Collected data entries:
-.-.-

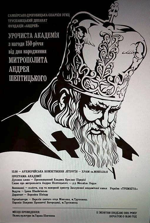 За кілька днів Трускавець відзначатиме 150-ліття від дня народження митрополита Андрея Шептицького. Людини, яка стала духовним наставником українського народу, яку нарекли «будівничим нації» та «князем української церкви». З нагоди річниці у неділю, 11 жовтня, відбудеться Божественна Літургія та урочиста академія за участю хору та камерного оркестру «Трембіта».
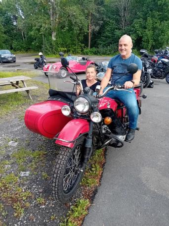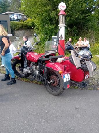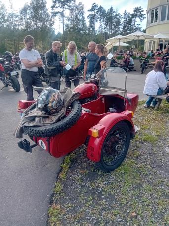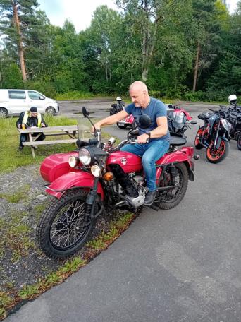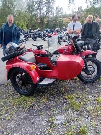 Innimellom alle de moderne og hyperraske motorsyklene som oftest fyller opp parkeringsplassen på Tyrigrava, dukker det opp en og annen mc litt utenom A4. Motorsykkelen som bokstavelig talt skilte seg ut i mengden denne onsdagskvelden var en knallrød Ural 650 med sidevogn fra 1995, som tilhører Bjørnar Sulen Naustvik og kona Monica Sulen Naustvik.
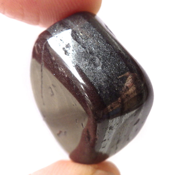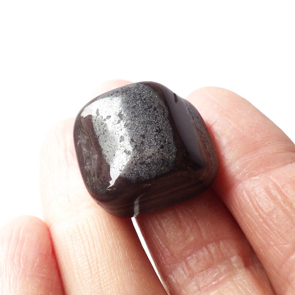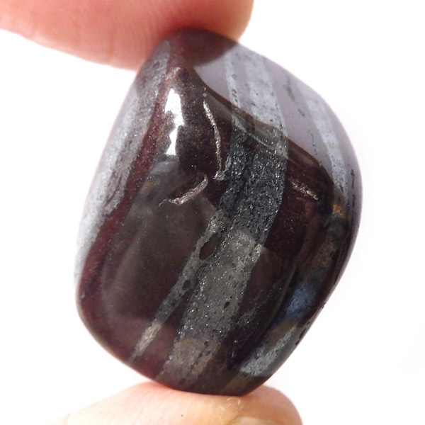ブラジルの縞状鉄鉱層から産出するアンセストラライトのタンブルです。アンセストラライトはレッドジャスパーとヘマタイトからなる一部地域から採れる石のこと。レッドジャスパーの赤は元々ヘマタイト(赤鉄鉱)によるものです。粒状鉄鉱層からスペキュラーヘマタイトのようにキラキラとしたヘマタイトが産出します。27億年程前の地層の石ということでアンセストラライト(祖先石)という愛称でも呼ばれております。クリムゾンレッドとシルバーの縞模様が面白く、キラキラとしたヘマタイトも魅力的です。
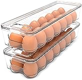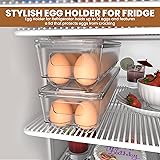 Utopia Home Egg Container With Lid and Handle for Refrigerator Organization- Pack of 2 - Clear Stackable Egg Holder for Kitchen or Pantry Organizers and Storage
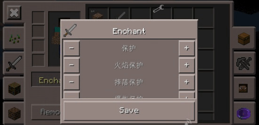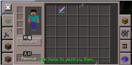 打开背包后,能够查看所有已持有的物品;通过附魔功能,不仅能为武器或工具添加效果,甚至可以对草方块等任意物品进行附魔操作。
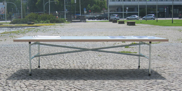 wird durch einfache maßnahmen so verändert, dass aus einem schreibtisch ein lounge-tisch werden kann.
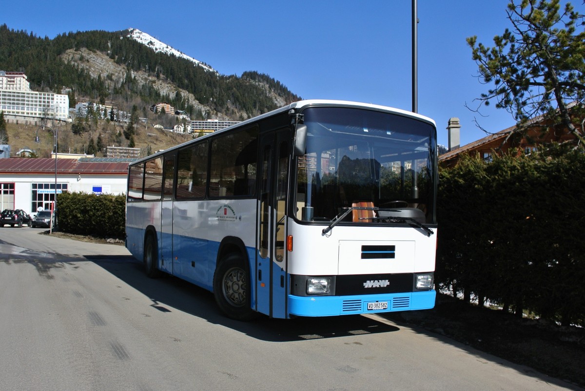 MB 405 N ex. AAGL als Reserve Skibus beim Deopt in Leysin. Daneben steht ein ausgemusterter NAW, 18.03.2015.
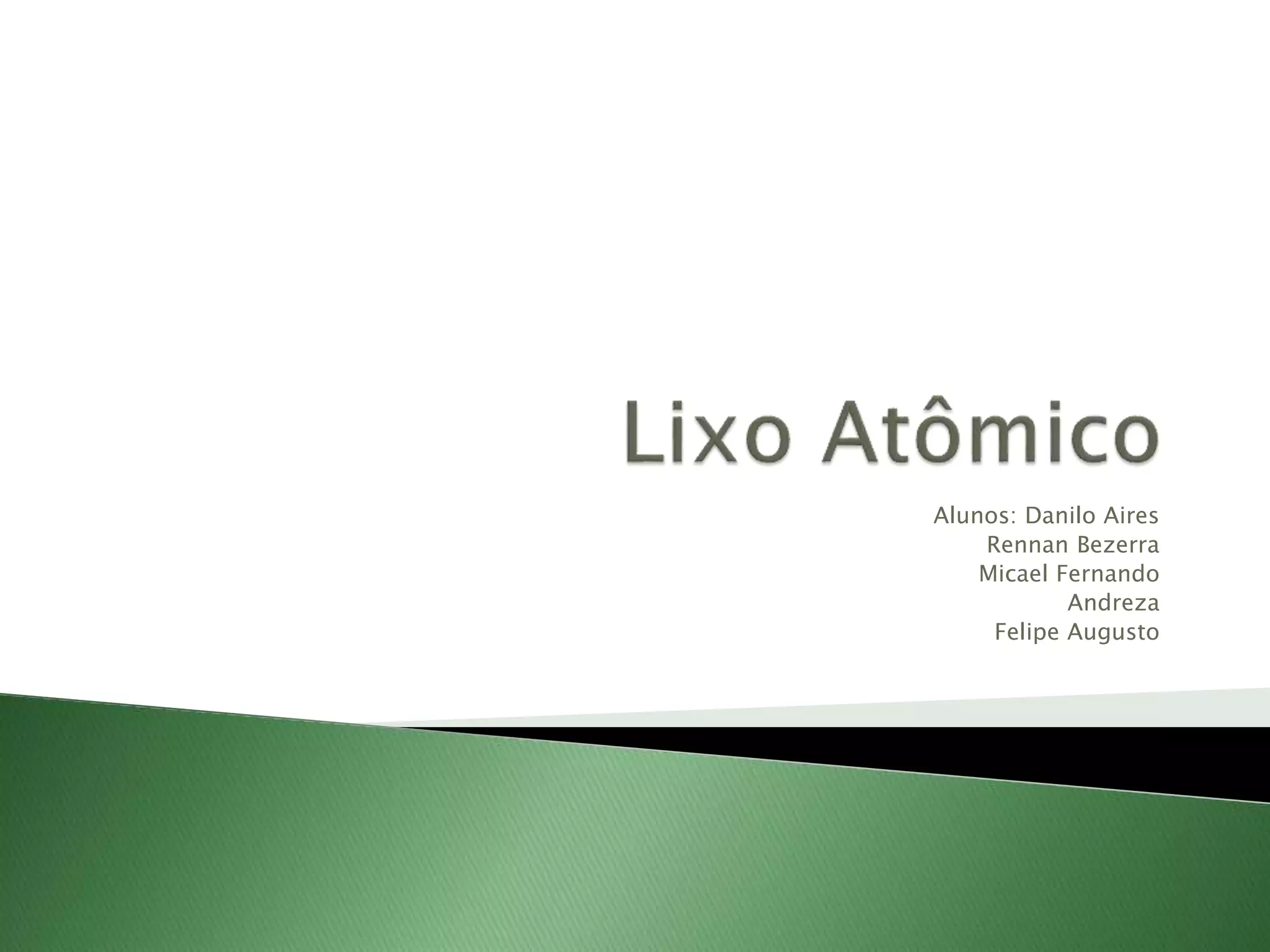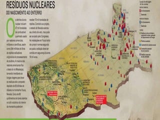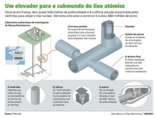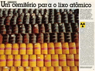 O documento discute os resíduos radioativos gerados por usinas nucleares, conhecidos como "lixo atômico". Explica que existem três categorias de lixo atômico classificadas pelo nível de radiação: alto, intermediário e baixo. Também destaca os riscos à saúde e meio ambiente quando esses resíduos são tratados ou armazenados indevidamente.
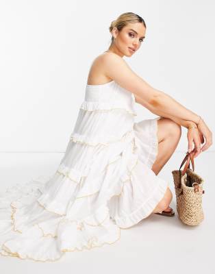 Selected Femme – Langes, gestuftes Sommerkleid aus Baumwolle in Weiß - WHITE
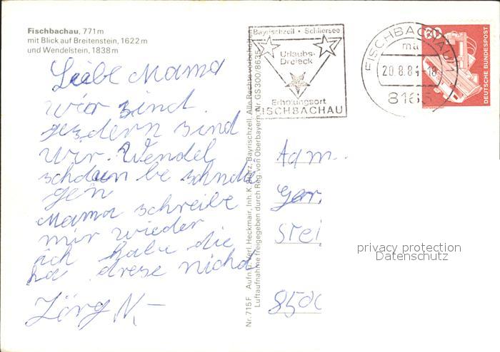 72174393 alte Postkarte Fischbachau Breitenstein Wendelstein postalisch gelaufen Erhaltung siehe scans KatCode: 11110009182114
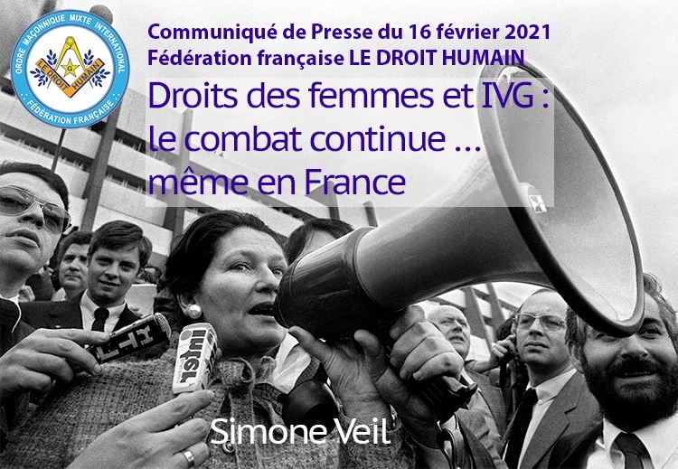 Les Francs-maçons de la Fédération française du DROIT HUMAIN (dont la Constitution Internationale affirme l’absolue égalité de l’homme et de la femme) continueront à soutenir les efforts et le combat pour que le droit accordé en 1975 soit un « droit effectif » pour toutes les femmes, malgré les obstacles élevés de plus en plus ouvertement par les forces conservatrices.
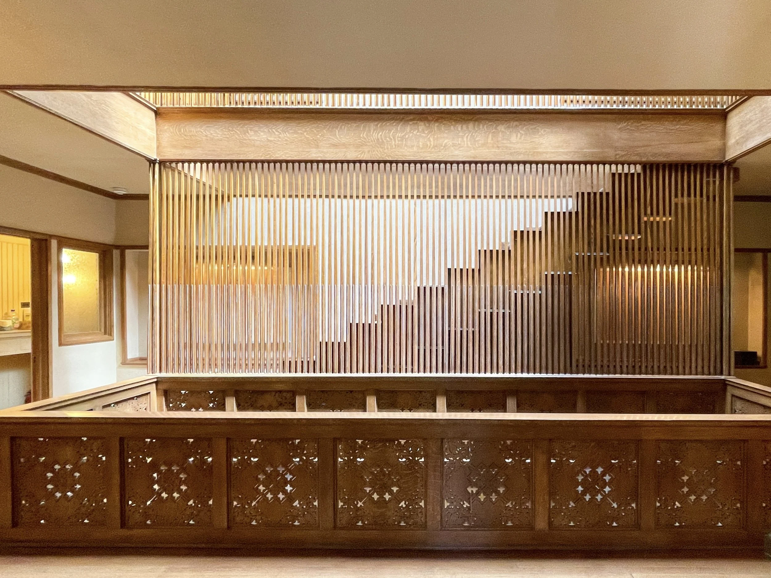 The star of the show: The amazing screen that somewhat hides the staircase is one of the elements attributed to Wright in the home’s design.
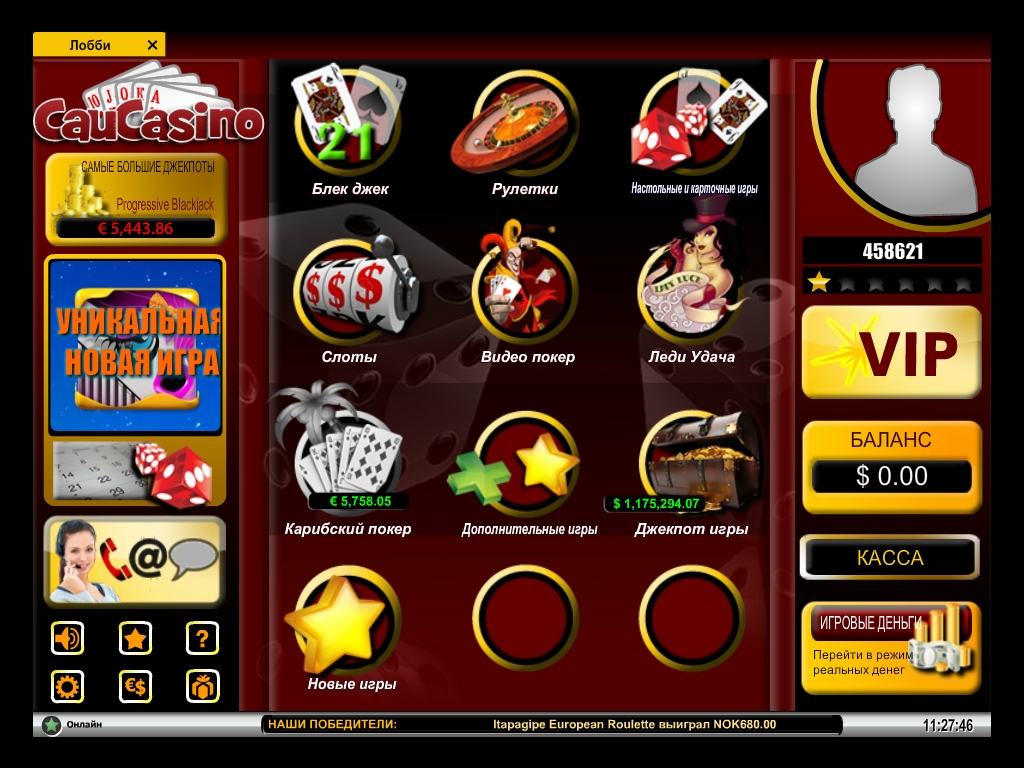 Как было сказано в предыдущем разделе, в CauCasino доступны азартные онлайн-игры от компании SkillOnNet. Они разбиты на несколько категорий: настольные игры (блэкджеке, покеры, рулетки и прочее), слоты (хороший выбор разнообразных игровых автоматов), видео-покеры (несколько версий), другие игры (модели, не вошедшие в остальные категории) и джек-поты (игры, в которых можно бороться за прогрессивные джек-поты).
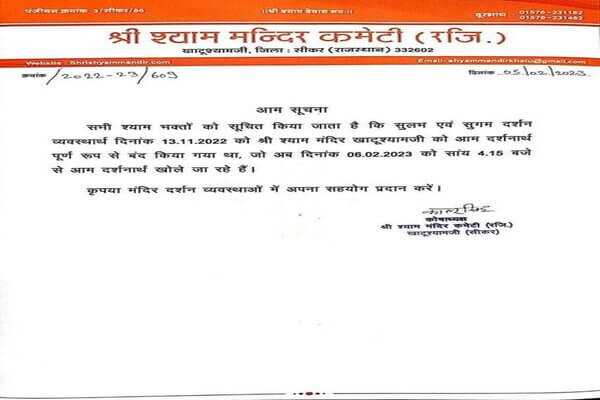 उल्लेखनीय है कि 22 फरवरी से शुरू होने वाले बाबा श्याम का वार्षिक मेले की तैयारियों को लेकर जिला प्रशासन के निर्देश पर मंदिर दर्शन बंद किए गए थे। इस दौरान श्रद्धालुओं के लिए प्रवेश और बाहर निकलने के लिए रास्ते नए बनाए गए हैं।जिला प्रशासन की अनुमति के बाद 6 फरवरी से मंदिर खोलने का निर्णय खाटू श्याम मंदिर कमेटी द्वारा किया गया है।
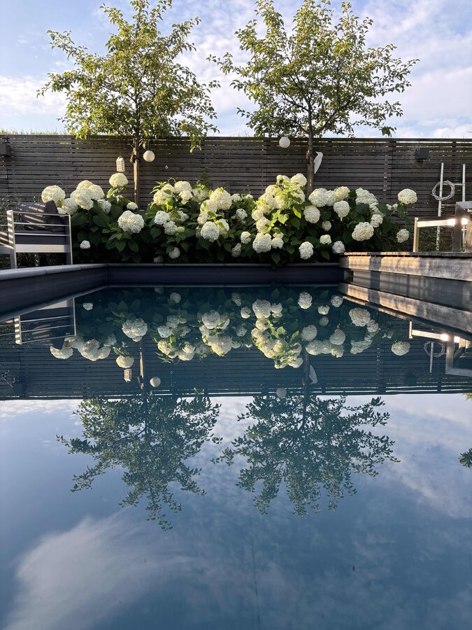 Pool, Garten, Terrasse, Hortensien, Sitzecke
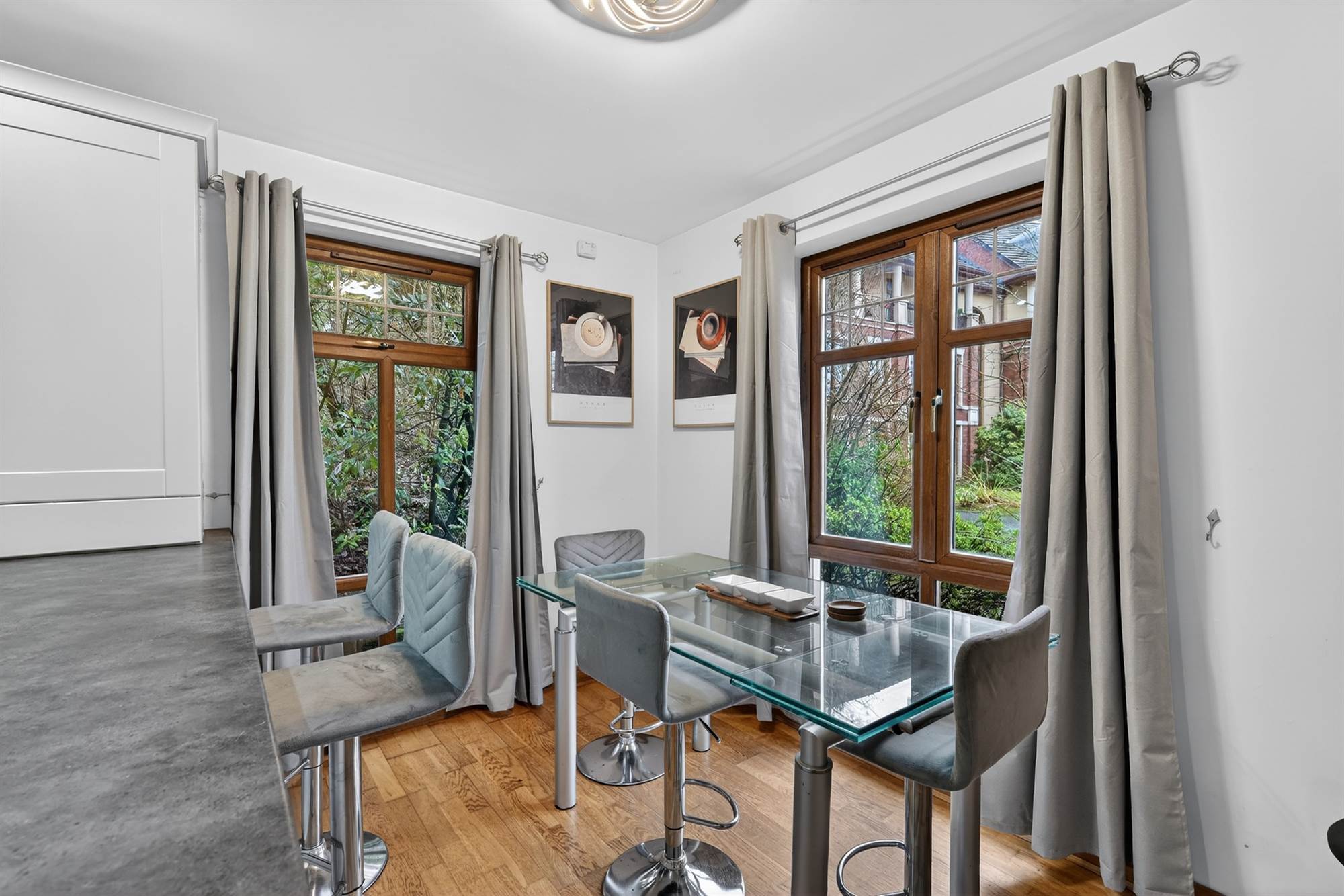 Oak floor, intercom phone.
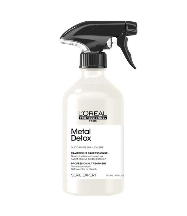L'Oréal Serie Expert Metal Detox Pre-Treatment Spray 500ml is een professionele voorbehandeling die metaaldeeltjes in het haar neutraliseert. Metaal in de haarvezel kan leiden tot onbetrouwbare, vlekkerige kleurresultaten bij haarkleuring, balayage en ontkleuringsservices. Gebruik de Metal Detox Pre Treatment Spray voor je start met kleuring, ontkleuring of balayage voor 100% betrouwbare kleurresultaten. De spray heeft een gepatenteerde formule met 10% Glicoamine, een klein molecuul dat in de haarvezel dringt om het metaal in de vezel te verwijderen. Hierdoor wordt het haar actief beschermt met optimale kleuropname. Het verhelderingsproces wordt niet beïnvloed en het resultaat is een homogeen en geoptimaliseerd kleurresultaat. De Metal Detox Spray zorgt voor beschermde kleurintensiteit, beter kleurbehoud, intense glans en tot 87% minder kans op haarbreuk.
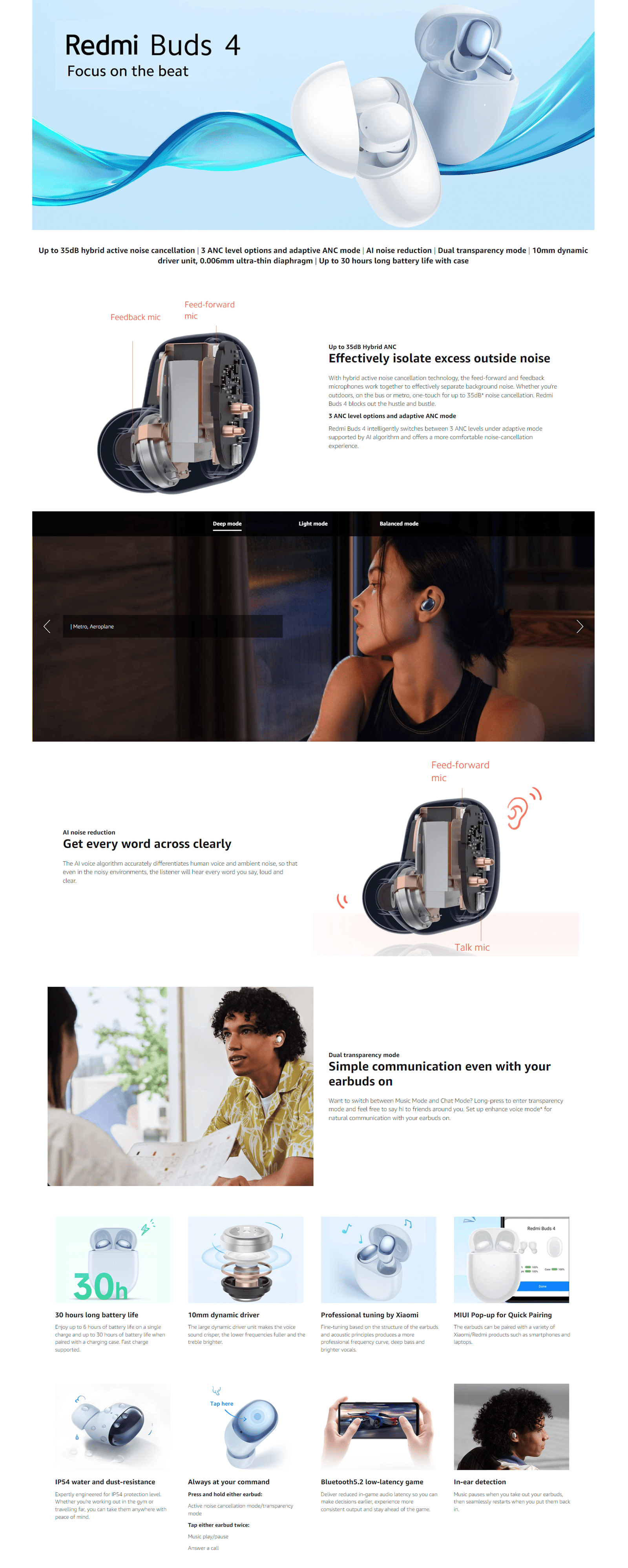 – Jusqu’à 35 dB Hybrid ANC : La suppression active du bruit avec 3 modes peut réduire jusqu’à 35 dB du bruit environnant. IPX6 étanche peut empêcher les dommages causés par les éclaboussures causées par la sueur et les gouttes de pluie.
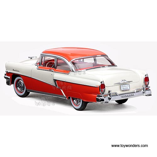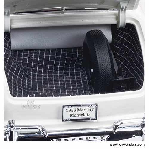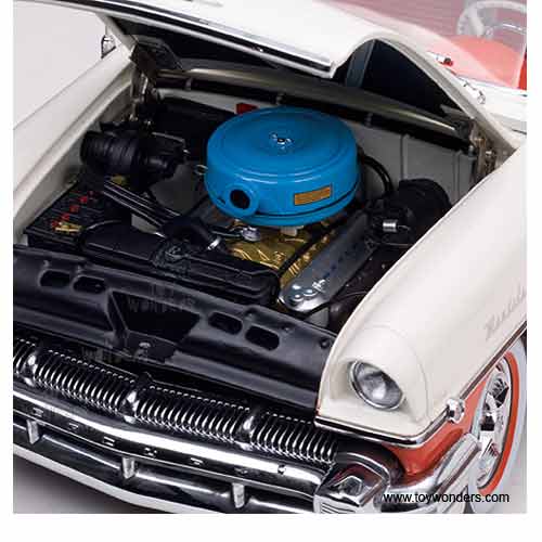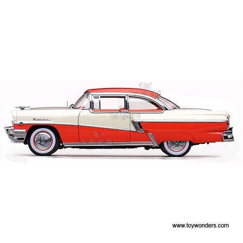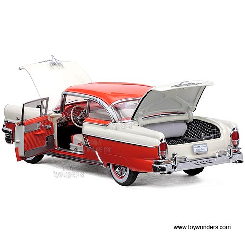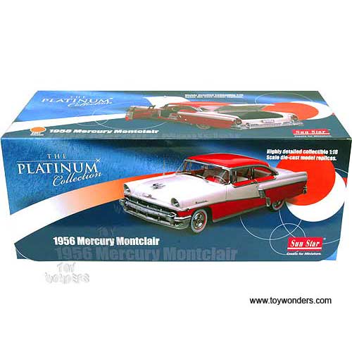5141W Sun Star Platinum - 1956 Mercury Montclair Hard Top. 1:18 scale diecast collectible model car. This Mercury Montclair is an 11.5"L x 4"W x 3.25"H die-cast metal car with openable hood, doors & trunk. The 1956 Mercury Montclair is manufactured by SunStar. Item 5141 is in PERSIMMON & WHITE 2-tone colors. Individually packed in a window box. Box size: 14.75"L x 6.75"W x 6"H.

-.-.-

> [Goal of the exercise]
Using the data above, which lines fall from the one with "MB 405 N ex." through the one with "72174393 alte Postkarte"? Repeat them exactly, ends included, minus any pictures.

> [Answer below]
 MB 405 N ex. AAGL als Reserve Skibus beim Deopt in Leysin. Daneben steht ein ausgemusterter NAW, 18.03.2015.
 O documento discute os resíduos radioativos gerados por usinas nucleares, conhecidos como "lixo atômico". Explica que existem três categorias de lixo atômico classificadas pelo nível de radiação: alto, intermediário e baixo. Também destaca os riscos à saúde e meio ambiente quando esses resíduos são tratados ou armazenados indevidamente.
 Selected Femme – Langes, gestuftes Sommerkleid aus Baumwolle in Weiß - WHITE
 72174393 alte Postkarte Fischbachau Breitenstein Wendelstein postalisch gelaufen Erhaltung siehe scans KatCode: 11110009182114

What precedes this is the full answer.